Mucosotrophic HPV types of the Alphapapillomavirus genus are classified as low risk (LR; e.g., types 6b and 11) or high risk (HR; e.g., types 16 and 18), according to the potential of the infections to progress to high-grade intraepithelial neoplasias and cancers (16). The oncogenicity of the HR HPVs is conferred by the properties of their E6 and E7 oncoproteins, which are highly expressed in anogenital cancers and have the ability to immortalize cells in vitro (for reviews, see references 37, 38, and 66). In contrast, LR HPV infections are only rarely associated with cancers, and LR HPV E6 and E7 immortalize cells inefficiently, if at all (23). Despite the differences in their neoplastic potentials, both the HR and LR E6 and E7 proteins provide common functions during the viral infection cycle: maintenance and replicative amplification of the viral DNA genome (42, 55, 59).
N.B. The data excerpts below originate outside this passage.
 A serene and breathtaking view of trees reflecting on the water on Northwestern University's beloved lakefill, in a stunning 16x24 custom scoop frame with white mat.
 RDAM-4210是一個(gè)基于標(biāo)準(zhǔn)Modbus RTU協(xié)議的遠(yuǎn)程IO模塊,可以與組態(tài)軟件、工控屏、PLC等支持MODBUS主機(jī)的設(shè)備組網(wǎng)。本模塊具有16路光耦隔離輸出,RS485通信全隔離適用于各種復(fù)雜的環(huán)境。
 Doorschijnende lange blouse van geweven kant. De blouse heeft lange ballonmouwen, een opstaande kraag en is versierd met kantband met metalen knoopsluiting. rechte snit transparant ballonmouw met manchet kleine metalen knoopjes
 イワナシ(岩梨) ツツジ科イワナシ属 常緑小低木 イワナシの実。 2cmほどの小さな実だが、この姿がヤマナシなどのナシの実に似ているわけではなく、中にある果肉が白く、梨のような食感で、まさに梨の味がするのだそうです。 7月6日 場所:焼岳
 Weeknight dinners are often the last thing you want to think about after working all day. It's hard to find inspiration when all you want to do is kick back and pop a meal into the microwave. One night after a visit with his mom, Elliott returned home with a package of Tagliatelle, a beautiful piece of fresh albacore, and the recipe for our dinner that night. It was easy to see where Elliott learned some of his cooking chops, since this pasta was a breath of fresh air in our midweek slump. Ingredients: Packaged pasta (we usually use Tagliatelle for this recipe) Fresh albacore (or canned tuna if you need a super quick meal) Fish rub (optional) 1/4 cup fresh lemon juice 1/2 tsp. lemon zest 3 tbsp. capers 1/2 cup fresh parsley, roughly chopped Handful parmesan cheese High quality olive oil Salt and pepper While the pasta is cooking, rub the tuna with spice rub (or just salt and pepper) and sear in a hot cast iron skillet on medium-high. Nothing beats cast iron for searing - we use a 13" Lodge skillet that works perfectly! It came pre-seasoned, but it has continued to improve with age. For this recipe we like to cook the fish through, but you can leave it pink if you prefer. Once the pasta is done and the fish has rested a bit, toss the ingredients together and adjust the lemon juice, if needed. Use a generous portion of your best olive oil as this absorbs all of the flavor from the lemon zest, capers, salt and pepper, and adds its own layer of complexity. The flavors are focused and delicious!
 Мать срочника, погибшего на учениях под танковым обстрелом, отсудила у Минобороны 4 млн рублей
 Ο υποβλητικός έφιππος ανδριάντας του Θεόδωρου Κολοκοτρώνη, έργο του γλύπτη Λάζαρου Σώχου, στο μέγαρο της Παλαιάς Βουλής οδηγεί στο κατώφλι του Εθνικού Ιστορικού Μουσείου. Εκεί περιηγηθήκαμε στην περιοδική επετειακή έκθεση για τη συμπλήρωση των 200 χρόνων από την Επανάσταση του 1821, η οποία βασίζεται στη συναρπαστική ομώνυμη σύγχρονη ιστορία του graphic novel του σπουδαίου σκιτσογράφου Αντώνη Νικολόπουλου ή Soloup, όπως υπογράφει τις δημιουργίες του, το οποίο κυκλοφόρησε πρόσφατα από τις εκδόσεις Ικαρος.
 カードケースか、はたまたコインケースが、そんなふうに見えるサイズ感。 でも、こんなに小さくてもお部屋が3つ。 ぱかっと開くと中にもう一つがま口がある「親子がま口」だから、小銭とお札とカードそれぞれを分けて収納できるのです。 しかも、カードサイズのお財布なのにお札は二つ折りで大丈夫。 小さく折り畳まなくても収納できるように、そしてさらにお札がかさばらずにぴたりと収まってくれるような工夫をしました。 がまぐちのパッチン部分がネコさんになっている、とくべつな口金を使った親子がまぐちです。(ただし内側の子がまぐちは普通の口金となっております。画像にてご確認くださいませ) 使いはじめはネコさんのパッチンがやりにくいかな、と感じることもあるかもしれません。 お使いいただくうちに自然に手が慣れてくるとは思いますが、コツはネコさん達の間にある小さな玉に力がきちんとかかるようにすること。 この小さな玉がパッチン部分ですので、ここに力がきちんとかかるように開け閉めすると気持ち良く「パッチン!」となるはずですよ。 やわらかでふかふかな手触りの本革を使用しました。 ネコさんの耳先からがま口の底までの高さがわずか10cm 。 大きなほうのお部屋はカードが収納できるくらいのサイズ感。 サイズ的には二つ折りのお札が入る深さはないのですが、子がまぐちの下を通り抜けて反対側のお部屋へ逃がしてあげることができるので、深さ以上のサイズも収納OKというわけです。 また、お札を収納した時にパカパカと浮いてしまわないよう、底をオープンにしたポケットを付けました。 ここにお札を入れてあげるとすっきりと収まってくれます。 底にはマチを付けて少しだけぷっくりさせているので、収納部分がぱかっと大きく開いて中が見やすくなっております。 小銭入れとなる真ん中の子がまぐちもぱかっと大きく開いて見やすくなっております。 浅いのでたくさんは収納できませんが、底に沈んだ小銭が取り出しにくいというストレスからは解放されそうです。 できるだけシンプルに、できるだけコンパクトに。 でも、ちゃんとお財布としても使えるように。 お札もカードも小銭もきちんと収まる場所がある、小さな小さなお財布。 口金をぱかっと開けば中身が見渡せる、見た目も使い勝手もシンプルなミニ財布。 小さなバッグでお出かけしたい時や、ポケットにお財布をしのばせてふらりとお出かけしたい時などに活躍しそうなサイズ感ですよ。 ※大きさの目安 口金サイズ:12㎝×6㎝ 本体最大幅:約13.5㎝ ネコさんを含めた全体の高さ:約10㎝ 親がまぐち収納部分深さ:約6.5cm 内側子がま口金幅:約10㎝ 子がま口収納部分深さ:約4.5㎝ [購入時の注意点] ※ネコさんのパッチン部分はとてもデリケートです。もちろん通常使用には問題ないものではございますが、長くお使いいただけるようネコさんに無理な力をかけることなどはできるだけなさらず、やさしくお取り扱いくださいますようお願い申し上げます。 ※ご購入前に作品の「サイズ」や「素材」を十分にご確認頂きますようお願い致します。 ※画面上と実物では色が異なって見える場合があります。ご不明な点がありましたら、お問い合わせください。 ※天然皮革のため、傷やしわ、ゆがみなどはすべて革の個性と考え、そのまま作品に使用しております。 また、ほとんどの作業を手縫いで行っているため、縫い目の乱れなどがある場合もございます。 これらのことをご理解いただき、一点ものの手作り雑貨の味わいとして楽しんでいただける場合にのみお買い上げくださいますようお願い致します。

Unscheduled host DNA replication in the stratum spinosum occurs during active infections with both HR and LR HPV types (11, 59). Using retrovirus-mediated gene transfer into primary human keratinocytes (PHKs), we and others demonstrated previously that cell cycle reentry by suprabasal keratinocytes in organotypic cultures is attributable to E7 and that HR HPV E7 orthologs promote this activity more efficiently than do the LR orthologs (3, 11, 19, 23). The phenotypic differences between the LR and HR HPV E7 proteins correlate with their relative abilities to inactivate the pocket protein repressors of S-phase gene expression. HR HPV E7 binds with a high affinity and destabilizes both pRb and p130 (5, 22, 24, 65). Their targeted degradation is mediated through proteasome-dependent (5, 6, 22, 28, 40, 60, 65), as well as proteasome-independent (15), mechanisms. Additionally, interaction of the HR HPV E7 protein with pRb can directly disrupt the pRb-E2F complex (9, 10, 27, 33, 63). In contrast, LR HPV E7 binds the pocket proteins with a lower affinity (10, 24, 49) and has been demonstrated to destabilize only p130 (19, 56, 65).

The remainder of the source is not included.